Newbie spazzing is a grappling fact.


----------



## Lisa (Dec 21, 2005)

The MMA kid! said:
			
		

> i notice that noobs are overly agressive in sparring,they use all muscle, and almost always attack the neck. I have only take BJJ for about 3 months, and I am getting into becoming more relaxed and flow. but these guys practically spar with teeth and nails. also, they tend to over crank any submission they believe they have. what is the best way to deal with these adrenaline/anxiety filled grapplers?



They always will be.  Everyone was when they started.  They rely on strength as opposed to skill because...well... they lack the skill.  The teeth and nail sparring is a bit much, if it continues speak with your instructor about it and have him remind everyone what is and isn't allowed.

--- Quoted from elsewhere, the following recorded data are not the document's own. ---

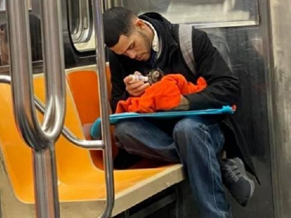 Esta imagen proviene de los Estados Unidos y dio la vuelta al mundo. Quien la publicó fue Gillian Rogers (fundadora de Pet Rescue Squad Inc, una organización sin fines de lucro que se ocupa de animales abandonados). “Volvía a casa cuando lo noté – escribió – que el hombre que iba conmigo en el vagón no estaba solo y que llevaba un gatito envuelto en una manta. Lo estaba alimentando con un biberón y se notaba la preocupación que tenía. Era como si mi corazón si fuera a explotar al ver a alguien con tanto cariño por un ser vivo «. Rogers decidió preguntarle al hombre qué le pasó al gatito y descubrió que se encontraba solo y hambriento entre dos edificios, por lo que decidió llevarlo a casa. «Me sentí tan feliz – concluye Rogers – como si hubiera renovado mi fe en la humanidad. Todavía hay gente buena por ahí«.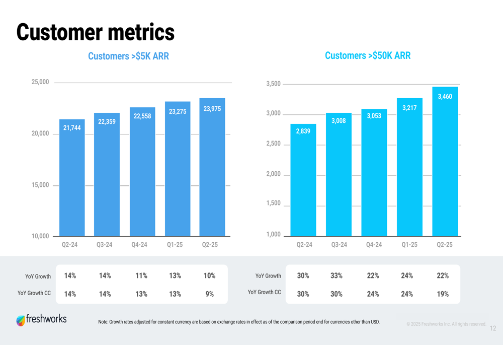 The company’s customer base expanded to over 74,600 customers across 120+ countries, representing an 8% year-over-year increase. More importantly, Freshworks demonstrated strong growth in higher-value customer segments.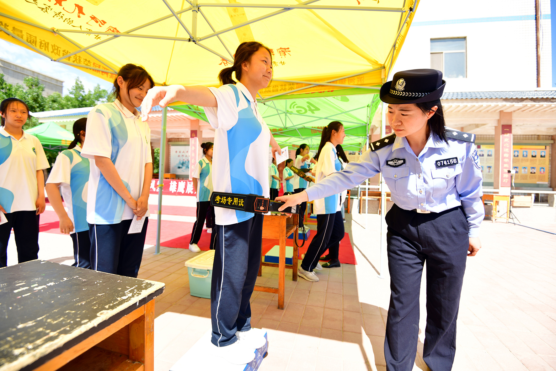 6月6日,甘肅省臨澤縣公安局開發(fā)區(qū)派出所民輔警組織轄區(qū)高三年級全體學(xué)生進行高考安檢規(guī)范演練,幫助考生提前熟悉高考入場流程。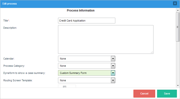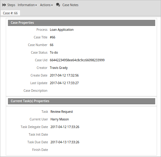 The Case Summary shows generic information about the state of a case, such as when the case was started, last updated and who is currently assigned to work on the case. In addition, the user can create a Dynaform that only displays pertinent information about the case and set this custom Dynaform to be shown instead of the general information when a user opens the case using the Jump to option or a case link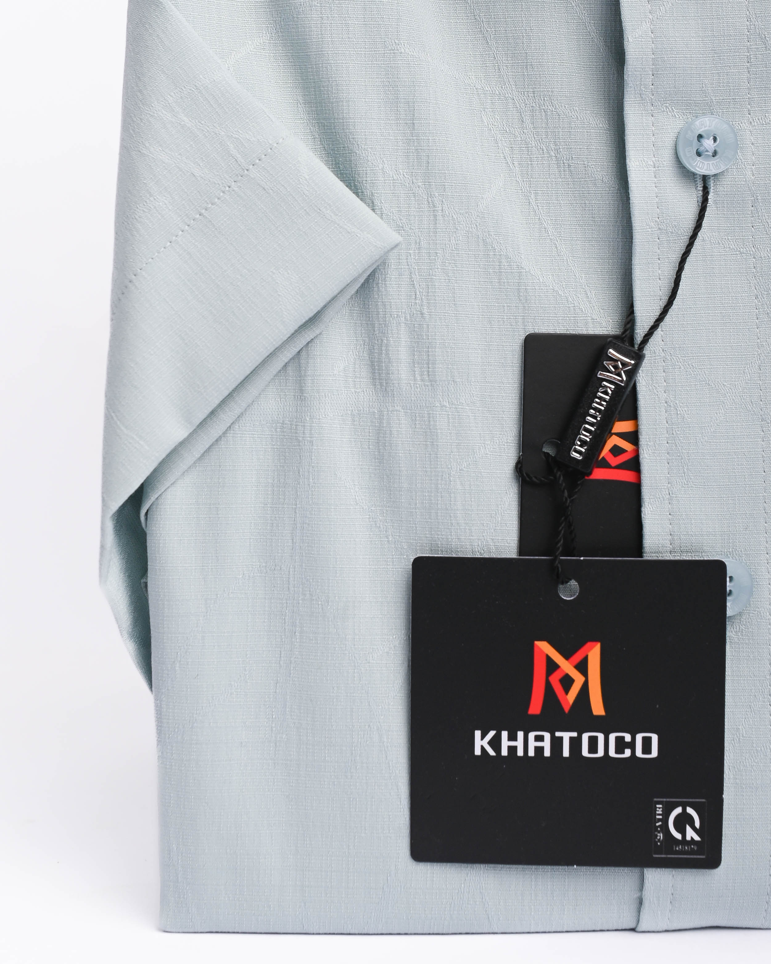 Áo sơ mi nam tay ngắn lai ngang – Khatoco - Mã hàng: A1MN538T2 - Chất liệu: 75% Polyester + 22% Viscose (Bamboo) + 3% Spandex → Vải mềm mại, thoáng mát, co giãn nhẹ,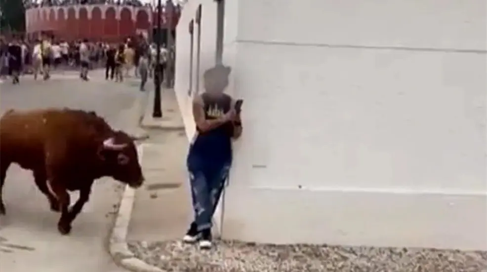 Durante las Fiestas de San Fermín, un toro embistió a una mujer que estaba distraída con su celular en España.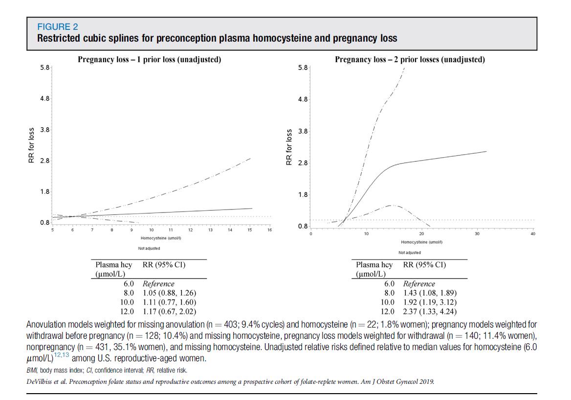 · Una clara relación dosis-dependientecon homocisteína (Hcy): entre mujeres con dos pérdidas previas, cada una de 2 µmol/L El aumento de Hcy (p. ej., de 6 µmol/L a 8 µmol/L) se asoció con una43% de aumento en el riesgo de aborto espontáneo.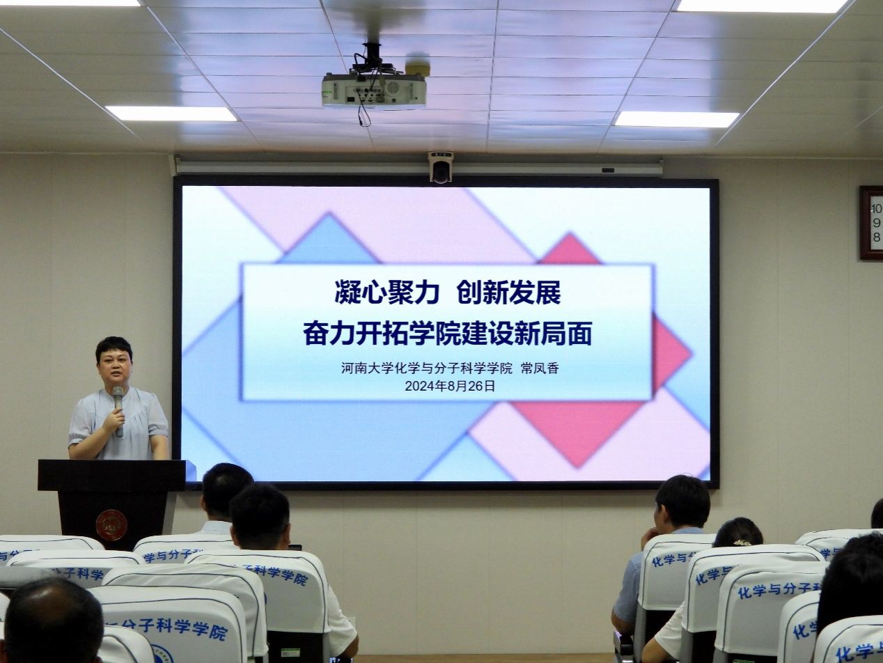 8月27日上午,学院高层次人才及各平台负责人汇报如何围绕学科筑峰和一流学科建设开展工作。国家杰青、院长陈永明介绍了自己的科研进展,从聚合物分子刷-多为可控的单分子纳米材料研究,讲到研究成果在创新疫苗中的应用,该研究获得2024年国家自然基金重点项目立项,树立了科研成果转化应用的榜样;校特聘教授张东娣、省特聘教授王丽、校第四层次人才曹中艳、徐尤智、校百人计划A岗张晓明、河南省工业冷却水循环利用工程技术研究中心主任许英、河南省环境污染控制材料国际联合实验室主任周艳梅、河南省药用植物资源化利用国际联合实验室朱金华、河南省功能材料与催化反应工程研究中心主任丁涛,分别汇报了个人、团队或平台的科研及建设情况。陈永明从团队建设、教师发展、人才培养和学院管理四个方面做了总结,并解答了代表在分组讨论中提出的问题。

Maybe get your instructor to spar with the new person to kinda show them a few things and give them pointers along the way so that when they spar with the other classmates they don't feel quite as uncomfortable in their surroundings and by that time can relax a little.


----------



## Andrew Green (Dec 21, 2005)

Pin them down, give them enough room to flop around and let them burn out, then ask them if they would like to try and learn something or continue their fish impression 

Apart from that, talk, tell them what to do, when to do it and help them through it.  They don't know what they should do, don't have a clue, so just go all out with nothing.  Walk them through things.


----------



## MJS (Dec 21, 2005)

The MMA kid! said:
			
		

> i notice that noobs are overly agressive in sparring,they use all muscle, and almost always attack the neck. I have only take BJJ for about 3 months, and I am getting into becoming more relaxed and flow. but these guys practically spar with teeth and nails. also, they tend to over crank any submission they believe they have. what is the best way to deal with these adrenaline/anxiety filled grapplers?


 
This is very typical of beginners.  If you talking to them, telling them to relax and learn the material, rather than always trying to go all out, then I'd have your instructor speak to them.  Its good to pick up the pace, but when someone is first learning and has little to no control, the potential for injuries is very high.

Mike


----------



## Danny T (Dec 23, 2005)

The MMA kid! said:
			
		

> i notice that noobs are overly agressive in sparring,they use all muscle, and almost always attack the neck. I have only take BJJ for about 3 months, and I am getting into becoming more relaxed and flow. but these guys practically spar with teeth and nails. also, they tend to over crank any submission they believe they have. what is the best way to deal with these adrenaline/anxiety filled grapplers?


 
First off I don't feel someone just beginning should be sparring unless they have been training everyday for 3-4 weeks. They should be working some drills and techniques with a higher level who slowly adds more and more resistance but not sparring. Something I do with them is to start off with a simple rolling drill from the mount/guard position. The person mounted does an upa and rolls over he is now in the other's guard. The person in guard now does a sweep and rolls them over back into the mount. They will do this until they can simply roll continuously back and forth. They usually quickly realize it is very simple if both relax and work together they can roll very easily. From there it is stressed we use the same cooperation to learn the movements and positions and transitions slowly adding resistance. If they start fighting or using strength it is back to doing the basic rolling. After a couple times of that they usually calm down and work at a relax pace. Either that or they get so dizzy they can't work at all. 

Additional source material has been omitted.